Меня несло на страшные истории:
— А еще… в Германии… один сволочь, гад… трах-трах двух сестер… а потом иголкой и ниткой это… шик-шик… вульвы… шик-шик…
Она сделала большие глаза:
— Чего? Сшил, что ли, срамными губами?
— С рамой — нет… друг с другом… две… нет, четыре… Когда полиция… раз-два… они так лежали на диване… сшитые…
— А зачем? — не поняла Алка.
Я тоже этого объяснить не мог, и только сказал, что я не садист и маньяков не понимаю, хотя говорит же мой психоаналитик, что любое соитие есть насилие: мужчина берёт, женщина дает… злоитие… вот у нас одного известного модератора посадили за то, что его любовница заявила в полиции, что он ей, угрожая ножом, сказал: «Ложись в постель, не то я тебя прирежу»… уже год сидит, ждет суда… Но сидеть, шить?.. Они кричали, наверно, больно… рот заткнул… А!.. Как дедуш ка Коля… Алка качала головой:
— Нет, ты что, дядь-Коль золотой был человек… Только ручками, говорил… мне много не надо… только туда и сюда… Почему не сделать дяденьке приятное?.. Что мне — трудно, убудет с меня, что ли? Всё лучше, чем матёму зубрить… Помню, бабуленька мне всегда говорила, чтобы я к мужикам близко не подходила. «Что тебе среди них надо, грязных, вонючих?» — шумела. А мне было приятно нюхать эти запахи… Табак… Вино… Пот… А у тебя пота совсем нет. Вы что, не потеете? — Она вдруг строго посмотрела на меня, что несколько обидело и показалось скрытым намёком.
— Мы что, не люди?
Алка нагнулась за зажигалкой, показав темный шов… нет, ров… между увесистыми грудями (куда так хотелось забраться):
— Да ладно, не залупайся! Вы люди, конечно, но аккуратные. У моей подружки норвежец был, так он три раза в день принимал душ и по два раза брился… Она ему говорит, — ты, дружок, должен за воду доплачивать…
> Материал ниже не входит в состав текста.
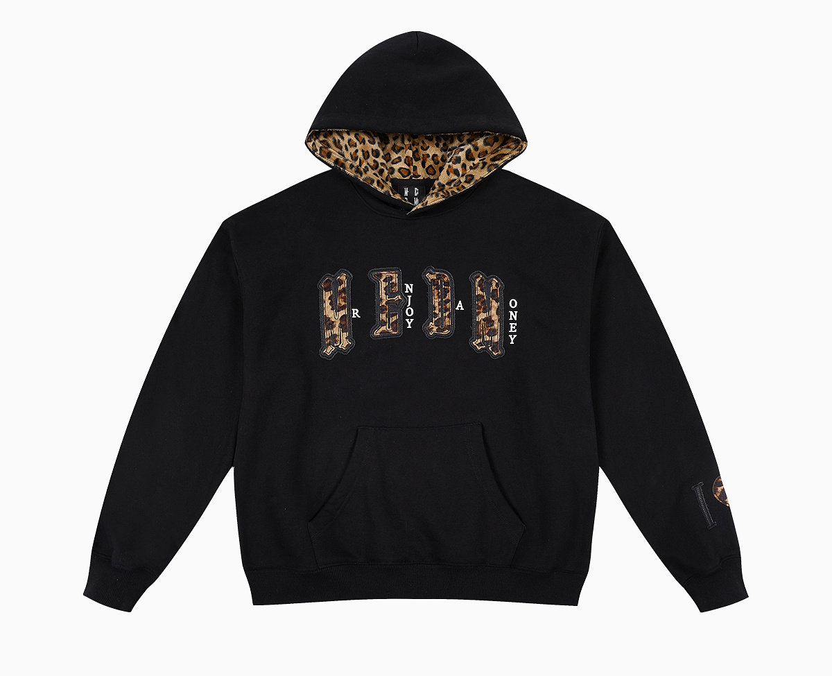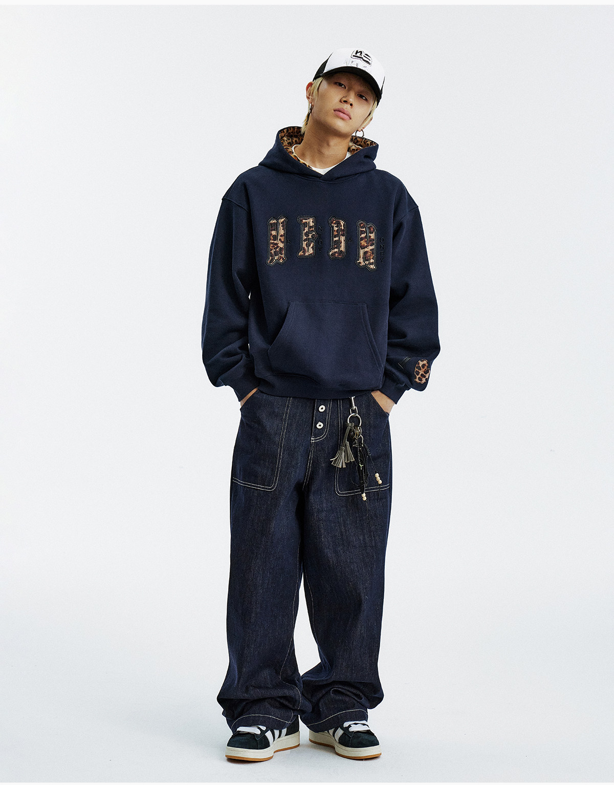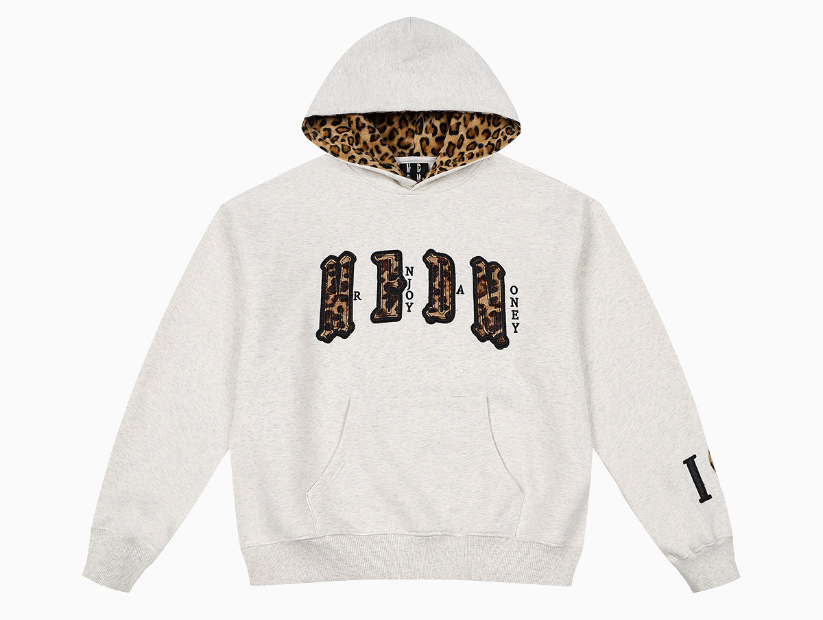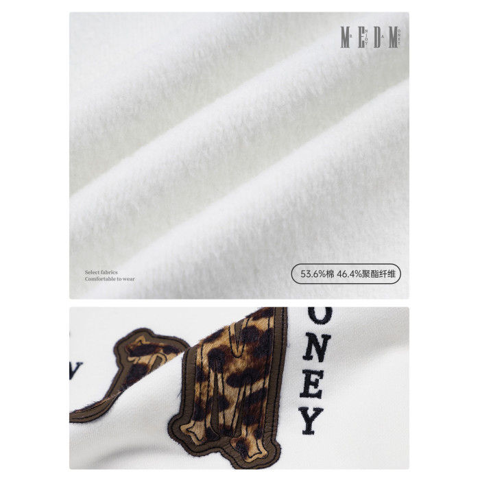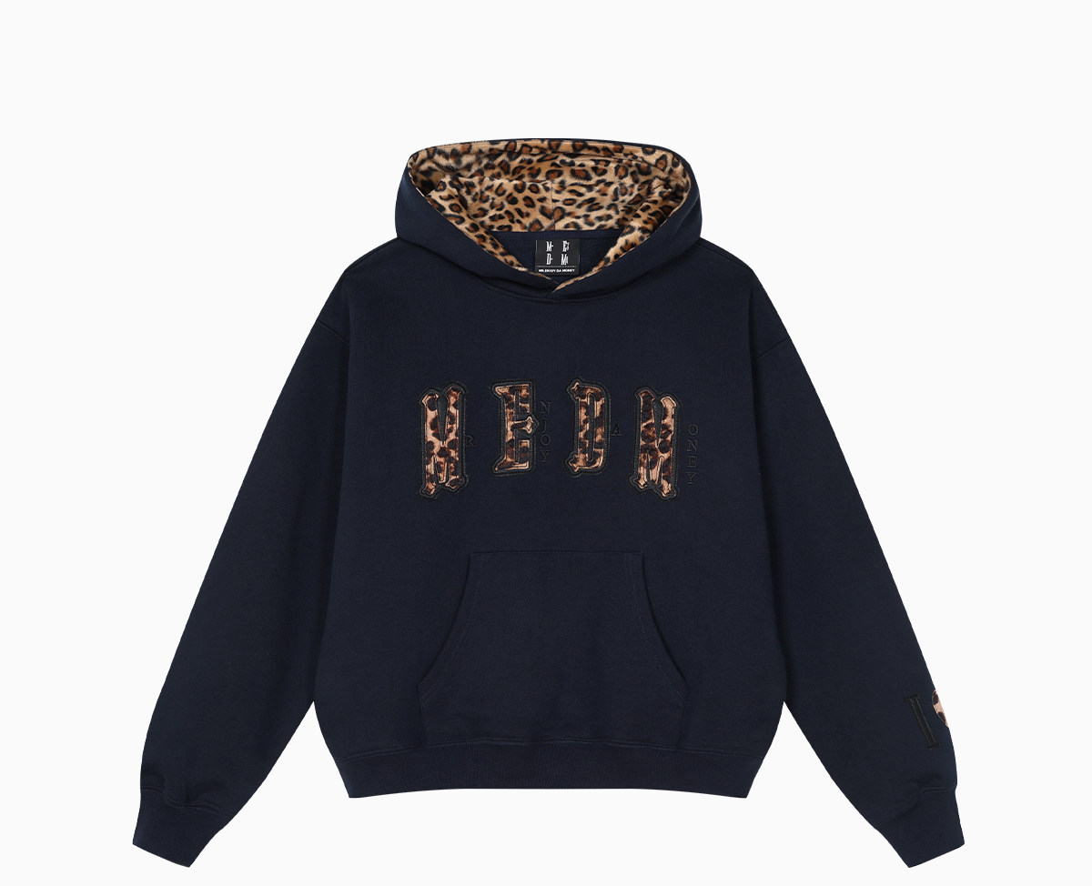 MEDM 帽裡豹紋 雙層皮毛豹紋休閒連帽衛衣美式通勤套頭情侶外套男

А вот этот бычок Стоян как мышь потеет…
Вот это было непонятно.
— Как мышь — почему? Мышь — это же «мало»… Он мало потеет?
— Нет, много. Так говорят у нас — «как мышь потный», «потеть как мышь».
— Почему?
Она задумалась, почесала за ушком красивым пальцем («У нас таких пальцев даже у королев красоты нету», — думал я, чувствуя, что Алка нравится мне всё больше и больше):
— Чёрт его знает. Народ знает, просто так говорить не будет… Видно, потеет, много бегает… Хотя шерстка у них — как им потеть?
Я помог ей:
— А на подбрюшке… В подбрюхарии… ножки-ноженьки…
Алка предположила, что мыши могут часто болеть гриппом, потому что там, в трубах, где они сидят, холодно и дует. Я возразил, что мыши — умные звери и там, где холодно и дует, сидеть не будут, а будут искать — и найдут — место, где тепло и не дует, — например, на печи… На что Алка тут же твердо сказала:
— Нет, на печи мыши сидеть не могут — там кошки сидят… Где кошка — там мышам делать нечего. — На это я вспомнил нашу баварскую пословицу о том, что, когда кошки нету дома, мыши пляшут на столе, а Алка вспомнила, что у дядь-Коли была вредная кошка Машка, которая всегда сидела на шкафу и таращила глаза, когда Алка приходила проведать хозяина, а раз бесшумно соскочила со шкафа и кинулась на Алку, но дядь-Коль успел огреть её костылём — и она обиделась, ушла и неделю не приходила, а когда пришла, то принесла назло вшей, от которых дядь-Коль так и не смог избавиться.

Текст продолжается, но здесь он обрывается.